To start, the parameters are validated, ensuring that the source and destination FileInfo parameters are not null and that the specified CopyFileOptions enumeration value is legitimate. There are a few ways to check whether an enumeration value is valid based on that enumeration's definition. The simplest way involves the Enum.IsDefined method; it is robust and easy to use, but also slow when compared to other mechanisms, which is important to take into consideration if the API using this method will be used frequently. When I have a small Flags-attributed enumeration, especially one that has an all-value (a value in the enumeration that is the Boolean Or of all of the other values), the simplest way to check whether a value falls within that enumeration is to negate the all-value and take the Boolean And of it with the value being checked for inclusion. By negating the all-value, I'm creating a number with one-bits in places where one-bits are invalid. Thus, if taking the Boolean And of that with the value in question yields a non-zero value, the number being checked has bits in invalid positions, and is thus an invalid value (you should note, however, that this solution might not work as intended if the various values in the enumeration have more than one-bit set).
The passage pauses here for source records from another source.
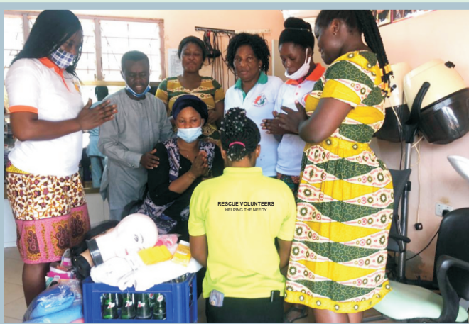
Affecting the needy positively - Introducing New apprentice into hair dressing
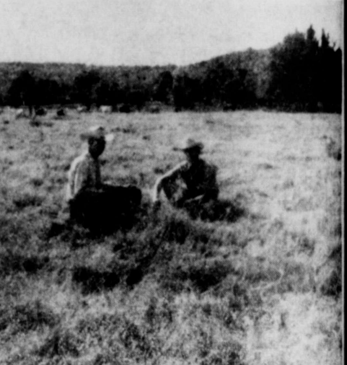
Service examine improved pasture of Coastal Bermuda.
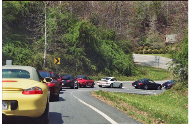
Porsches wind there way through the mountain roads headed for the Tail of the Dragon.
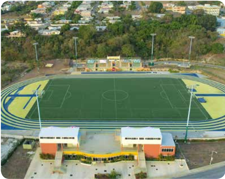
Usain Bolt Sports Complex (Map PARADISE PARK Ref 46)

Please refer to the Campus Map on page 150 for site locations.
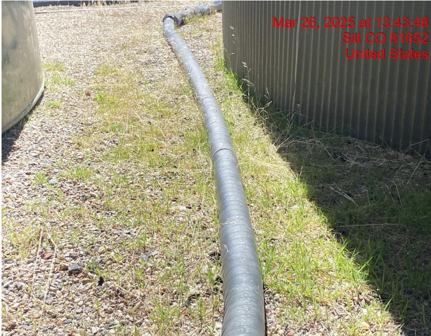
Weeds – Photo #07713
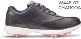
W448-07 CHARCOAL / WHITE
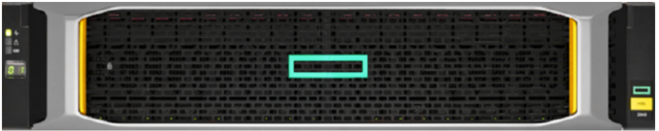
HPE MSA 2060 Storage

The HPE MSA 2060 is a flash-ready hybrid storage system designed to deliver hands-free, affordable application acceleration for small and remote office deployments. Don't let the low cost fool you. It gives you the combination of simplicity, flexibility, and advanced features you may not expect in an entry-priced array. Start small and scale as needed with any combination of solid state drives (SSDs), high-performance Enterprise SAS HDDs, or lower-cost Midline SAS HDDs. With the ability to deliver 325,000 IOPS, the new MSA 2060 is up to 45% faster than its prior generation with ample horsepower for even the most demanding workloads.
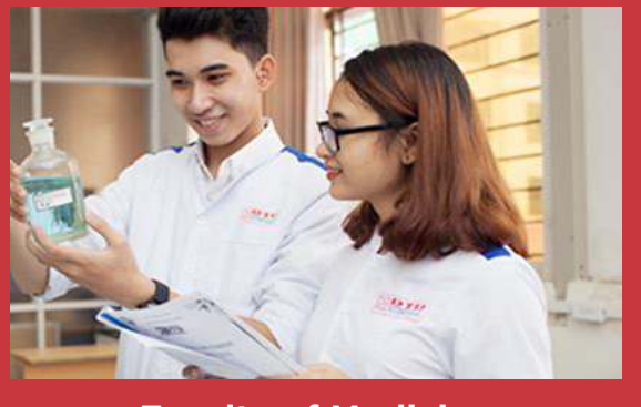
Faculty of Medicine
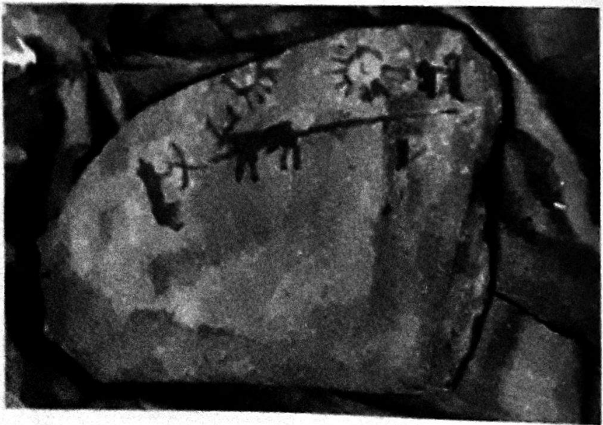
Burzahom : hunting scene showing carving of two suns with radiating rays at the top.
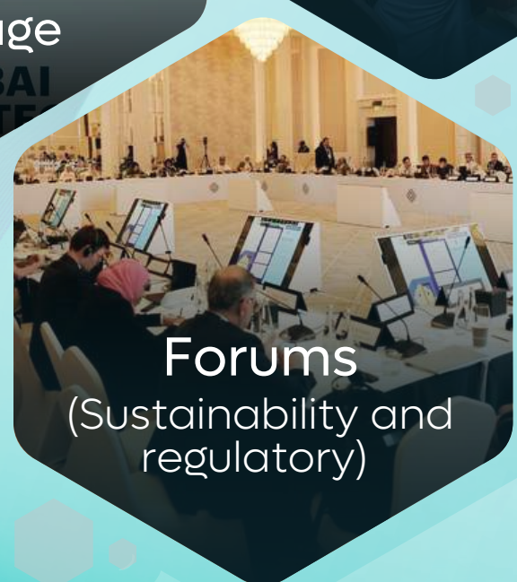
Forums (Sustainability and regulatory)
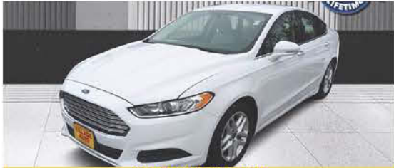
'15 Ford Fusion SE 84K Miles, Auto, Power Windows, Locks & Mirrors, Bluetooth, Backup Camera, CD, AC, Cruise, Keyless, Alloys, Stk# V1121067 $14,550
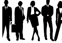
New Officers Ready
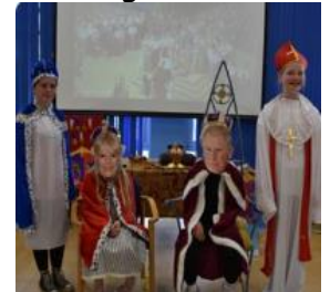
The King's coronation

You'll note that I don't call File.Exists to ensure that the specified source file does in fact exist; this would be an exercise in futility as there's nothing to prevent the file from being deleted between the time I call File.Exists and the time the actual copy operation commences. Thus, I rely on Win32 to provide the appropriate error response if the specified source file doesn't exist.

After validating the parameters, I ensure that the caller has the necessary permissions to read the source file and to write the destination file by demanding the relevant FileIOPermission. I've also marked the declaration of CopyFileEx with the SuppressUnmanagedCodeSecurityAttribute so that calls to it do not cause a stack walk searching for the UnmanagedCode security permission.

With validation and security checks out of the way, I can get to the meat of the operation which is to invoke the CopyFileEx function. Besides the source and destination path parameters, the most important parameter for your purposes is lpProgressRoutine. In the Win32 API, this parameter is a function pointer to a function that will be called when the CopyFileEx routine has a progress update to report. In the managed world, I can pass a delegate with the corresponding signature such that a managed method will be called as the callback from CopyFileEx. In order to get additional state passed to the callback (such as the original FileInfo objects), the method I wrap with the CopyProgressRoutine delegate is an instance member of a state class which I populate with all of the relevant information about the copy operation. Now, when CopyFileEx calls back to the lpProgressRoutine, I have all of the user-supplied state in addition to that provided to me by CopyFileEx, such as the total number of bytes being copied and the number of bytes copied thus far.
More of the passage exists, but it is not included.